SIMD benchmark

Manu turkeyman at gmail.com
Mon Jan 16 08:59:44 PST 2012


On 16 January 2012 18:48, Andrei Alexandrescu <SeeWebsiteForEmail at erdani.org
> wrote:

> On 1/16/12 10:46 AM, Manu wrote:
>
>> A function using float arrays and a function using hardware vectors
>> should certainly not be the same speed.
>>
>
> My point was that the version using float arrays should opportunistically
> use hardware ops whenever possible.


I think this is a mistake, because such a piece of code never exists
outside of some context. If the context it exists within is all FPU code
(and it is, it's a float array), then swapping between FPU and SIMD
execution units will probably result in the function being slower than the
original (also the float array is unaligned).
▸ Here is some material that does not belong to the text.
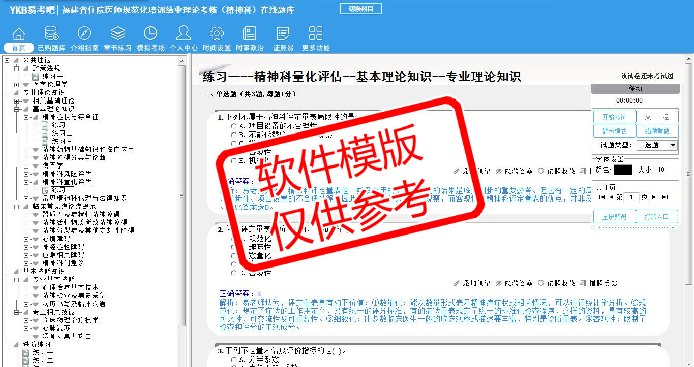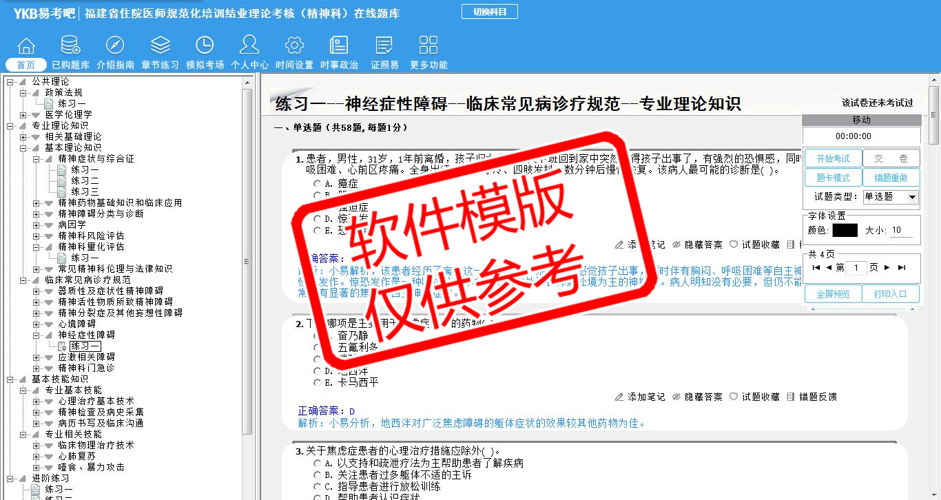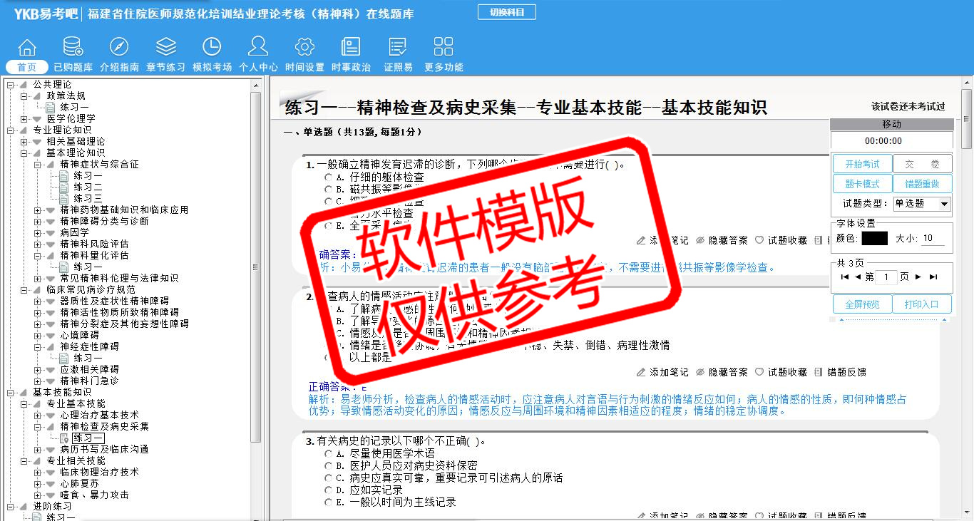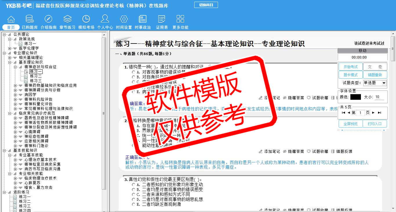 2026年福建省住院医师规范化培训结业理论考核(精神科)易考宝典软件(手机/网页版)是《易考宝典》考试系列软件之一,是专门为参加“住院医师职业资格考试”的朋友量身定做的自我测试系统,是个人、培训学校进行考试前训练、备考冲刺的提分技巧考试平台,题型丰富,图文并茂,内容全面,题库设计符合考试新大纲,海量试题。软件包括了富有价值的模拟考场,有计时打分等功能,就像亲身体会考试一样。

The SIMD version however must
exist within a SIMD context, since the API can't implicitly interact with
floats, this guarantees that the context of each function matches that
within which it lives.
This is fundamental to fast vector performance. Using SIMD is an all or
nothing decision, you can't just mix it in here and there.
You don't go casting back and fourth between floats and ints on every other
line... obviously it's imprecise, but it's also a major performance hazard.
There is no difference here, except the performance hazard is much worse.